Which is why hackers are posting arcane HOWTOs instead of founding companies that sell tiny, Raspberry Pi-based dongles for $10 that you plug into your NES Classic, feed your games to, and unplug, for a seamless, zipless conversion from a closed platform to an open one. Individual hackers may be anonymous or risk-tolerant or ignorant enough to post their instructions, but no one is going to give them the capital to start a business to do it.

That means that you, the owner of media locked up by DMCA 1201, don’t get to buy that easy-to-use product to get more value out of your stuff: instead, you either take what the manufacturer has given you, or risk bricking your gadgets (a legal jailbreaking device might also brick your NES Classic, but in that case, you’d have someone to sue over it).

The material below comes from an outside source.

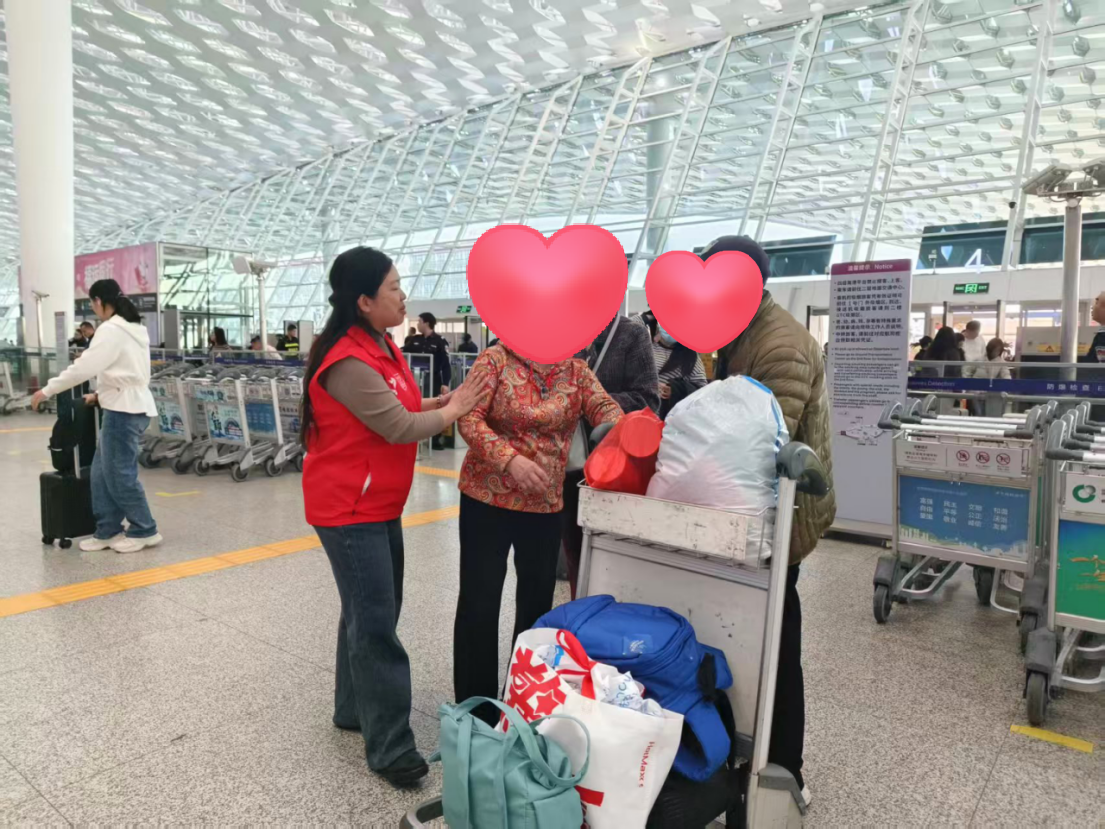 深圳机场志愿者为年长旅客提供扶弱助困志愿服务

The NES Classic is a particularly interesting example, because the US Copyright Office has actually granted an exemption to DMCA 1201 for jailbreaking games (the Internet Archive petitioned for this as part of its games preservation work). But the exemption doesn’t cover tools for jailbreaking, including instructions about how to do it, and it doesn’t cover the games consoles on which the games play. Meaning that you have the legal right to jailbreak your old cartridges so you can play them on your NES Classic, and you have the right to load them onto your NES Classic once you’ve jailbroken them – but you don’t have the right to jailbreak your NES Classic to accomplish this, and no one has the right to tell you how to do any of this stuff or give you a program or gadget to make it easy.

The same law that lets Apple decide who can make software for your Iphone allows Google to decide who can make software for your Nest thermostat allows GM to decide who can diagnose and fix your car allows Nintendo to decide who can improve your NES Classic – add a vision system and it would allow Kitchenaid to decide who can make bread for your toaster; add an RFID and it would allow Bosch to decide who can make dishes for your dishwasher.

Property is “that sole and despotic dominion which one man claims and exercises over the external things of the world, in total exclusion of the right of any other individual in the universe,” but once you add software and DMCA 1201 to property, it becomes legally impossible to treat your property as though you own it: the manufacturer’s dead hand lies upon your property forever, ready to punch you in the mouth the moment you attempt to use your property to your own benefit, rather than to the benefit of the manufacturer’s shareholders.